Anonyme : Ma baise masquée inoubliable dans la maison de Ré

La vieille maison de Ré craque sous le vent d’avril. Seuls, Jérôme et moi, quinze jours volés aux parents. Chambre des adultes, lit king size qui sent encore le pin des vacances passées. J’ai fouillé ma valise. Surprise : un costume acheté en secret, latex noir luisant, masque couvrant les yeux, cape courte. Héroïne anonyme, ombre vengeresse sortie de mes fantasmes. ‘Anonyme’, je m’appelle ce soir. Le latex moule mes seins lourds, frotte mes cuisses musclées. Odeur chimique, sucrée, mélange de caoutchouc neuf et de mon excitation naissante. Miroir fêlé du grenier : je suis une déesse sombre, taille fine, cul bombé, nichons tendus contre le tissu serré.

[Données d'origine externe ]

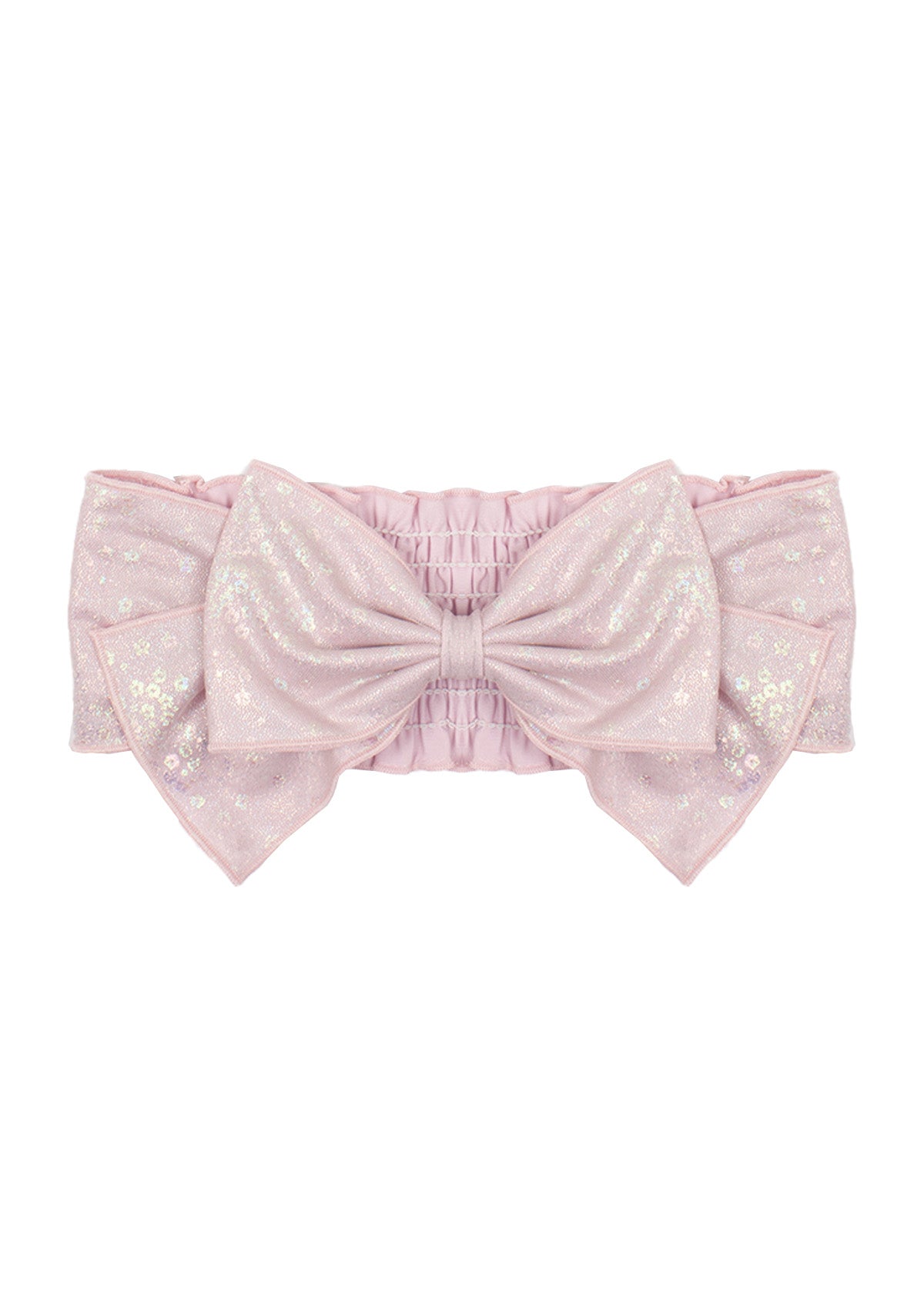 This enchanting hair accessory features a shimmering pink fabric that adds a touch of sparkle to any outfit. The large, beautifully crafted bow is designed to make a statement. The elastic band ensures a secure and comfortable fit, making it perfect for special occasions and everyday wear.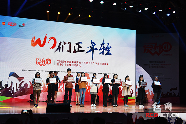 4月26日下午,2015年度湖南省高校“百优十佳”学生社团颁奖现场。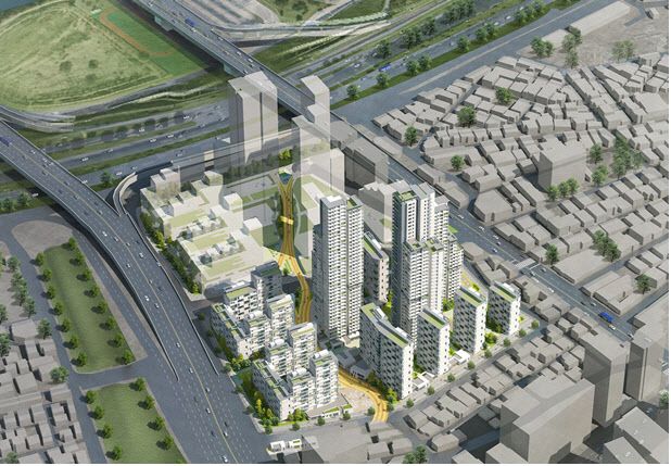 천호 A1-2구역은 타워형 주동을 엇갈리게 배치함으로써 한강조망을 최대한 확보한다. 또 A1-1구역과 이어지는 공공보행통로를 계획하여 한강을 가까이 누릴 수 있는 생활환경을 조성할 계획이다.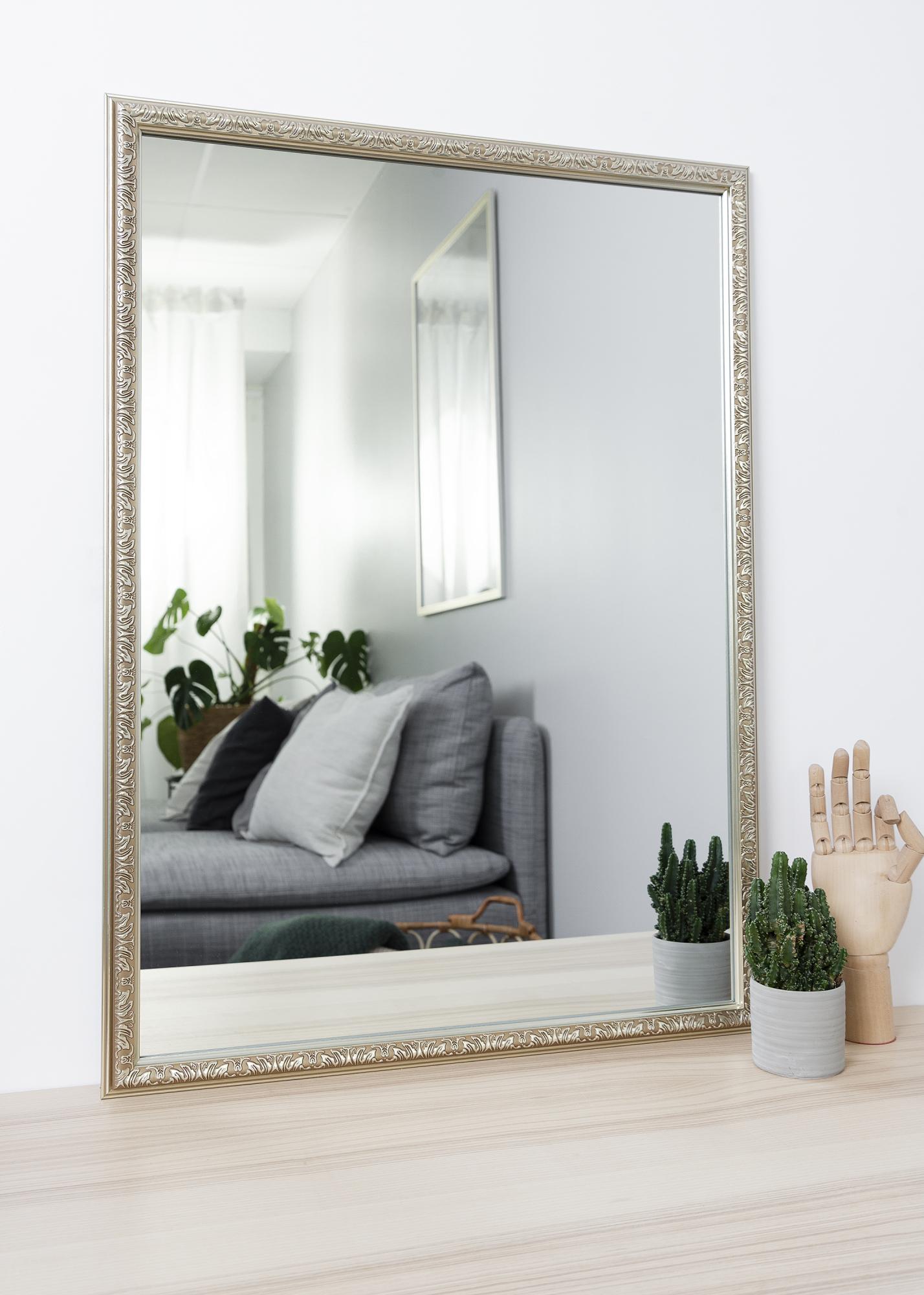 Začni izbiralec okvirja »Nost Silver je serija stenskih ogledal. Okvir je bogato okrašen z nepravilnimi simboli, ki dajejo nekoliko skrivnosten vtis.
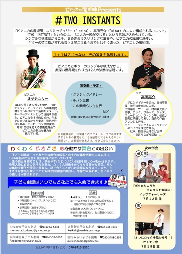 【福岡】5/23(土)むなかた・福間津屋崎・古賀新宮・福岡みらい子ども劇場合同「#TWO INSTANTS」コンサート
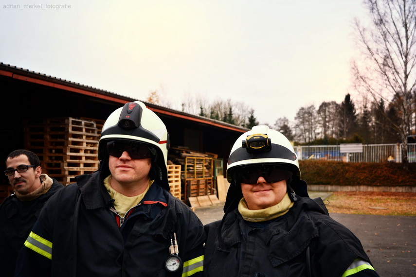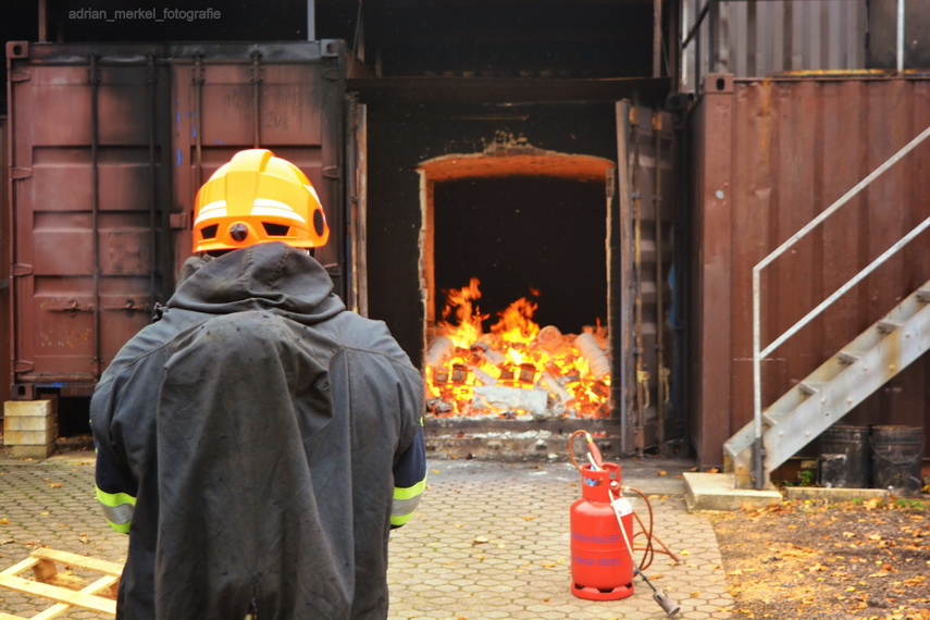 Schwerem Atemschutz in die Brandsimulationsanlage.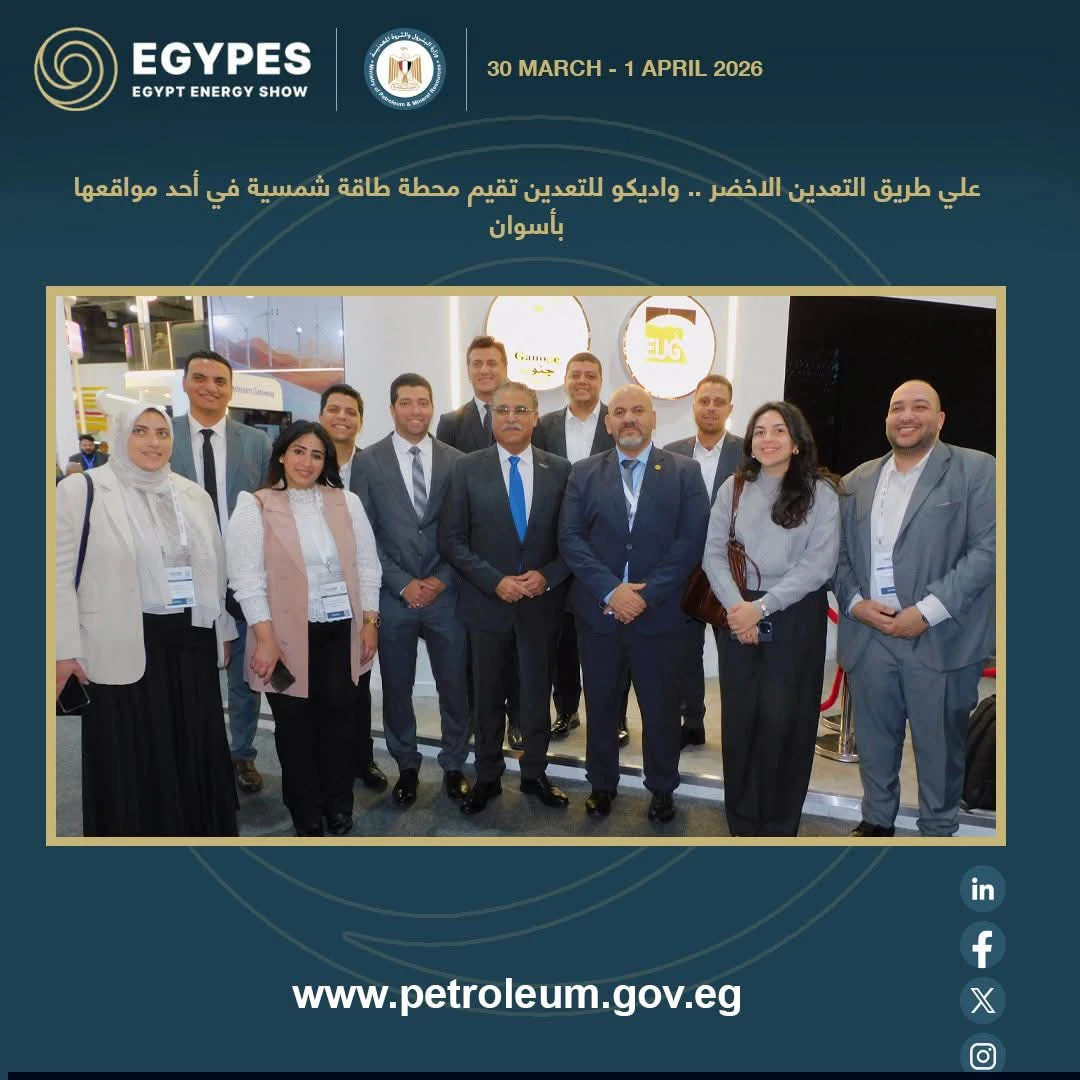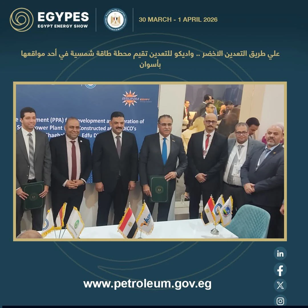 وقّعت شركة الوادي الجديد للثروة المعدنية والطفلة الزيتية – واديكو ؛ عقد إنشاء محطة طاقة شمسية، وذلك خلال فعاليات معرض ومؤتمر مصر الدولي للطاقة “إيجبس 2026” ،وذلك تنفيذًا لأهداف محوري التعدين والاستدامة البيئية ضمن استراتيجية وزارة البترول والثروة المعدنية.

J’entre dans la chambre pieds nus sur la moquette usée. Jérôme lit, torse nu, jean tendu sur sa braguette. Il sursaute, yeux écarquillés. ‘Cathy ? Putain, c’est toi ?’ Voix rauque. Je masque ma voix, grave, feutrée : ‘Ce soir, je suis Anonyme. Une inconnue qui te veut.’ Tension électrique. Air salin de la mer par la fenêtre ouverte. Il se lève, lent, approche. Ses doigts effleurent le latex de ma cape. Frottement sec, crissement. ‘T’es… sublime. Irrésistible.’ Je recule, joue le jeu. ‘Pas touche. Pas encore. Supplie.’ Il bande dur, contour visible. Je m’assois sur le lit, jambes croisées, latex grinçant. Odeur de mon sexe qui monte, musquée. Il s’agenouille, mains sur mes genoux gainés. ‘Laisse-moi te toucher, Anonyme.’ Je hoche la tête, masque impénétrable. Tension monte, cœurs cognent. Ses paumes glissent sur le latex lisse, remontent vers mes cuisses. Chaleur monte, sueur perle sous le costume.

L’Approche

Brutal. J’attrape ses cheveux, tire sa tête contre mon entrejambe. ‘Lèche-moi à travers.’ Sa langue râpe le latex fin, mouille le tissu. Odeur âcre de mon jus qui imprègne tout. Je gémis, voix déformée : ‘Ouvre ta braguette, branle-toi.’ Il obéit, queue raide jaillit, veines gonflées, gland luisant. Je frotte mes seins gainés, tétons durs comme cailloux. ‘Baise-moi, cousin. Non, baise Anonyme.’ Il déchire le latex entre mes jambes – crac sec, air froid sur ma chatte trempée. Il plonge, langue vorace. Je jouis vite, cuisses qui tremblent, cris étouffés par le masque. Il se redresse, queue en main. ‘À mon tour.’ Je le pousse sur le lit, chevauche. Latex claque contre sa peau. Sa bite s’enfonce, brûlante, épaisse. ‘Putain, t’es trempée !’ Va-et-vient sauvages, lit grince, cadre tape le mur. Odeur de sueur, de latex chauffé, de baise animale. Je garde le masque, anonyme, libre. ‘Plus fort, remplis-moi !’ Il grogne, mains broient mes fesses. Sensations folles : frottement glissant, chair qui claque, jus qui gicle. Je jouis encore, muscles serrés autour de lui. Il explose, sperme chaud gicle au fond. Rugissements mêlés, corps secoués.

Halètants, collés. Latex collant de sueur, masque embué. Je me retire, chatte dégorgeant. Silence lourd, bruits de la nuit : vague lointaine, vent dans les tuiles. ‘C’était… dingue.’ Sa voix brisée. Je me lève, cape flottant. Sans un mot, je file vers la salle de bain. Eau froide ruisselle sur le latex, lave le jus, la sueur. J’arrache le costume, masque jeté. Catherine revenue, nue, ordinaire. Peau rougie, marques des coutures. Je m’enroule dans une serviette, reviens. Lui, allongé, sourire béat. ‘Anonyme est partie ?’ Je hoche, glisse sous les draps. ‘Oui. Juste Cathy maintenant.’ Il m’embrasse le front. Dehors, chemin désert vers la mer. Demain, plage, vélos, comme avant. Secret gardé, pulsions libérées. Masque rangé, mais frissons éternels.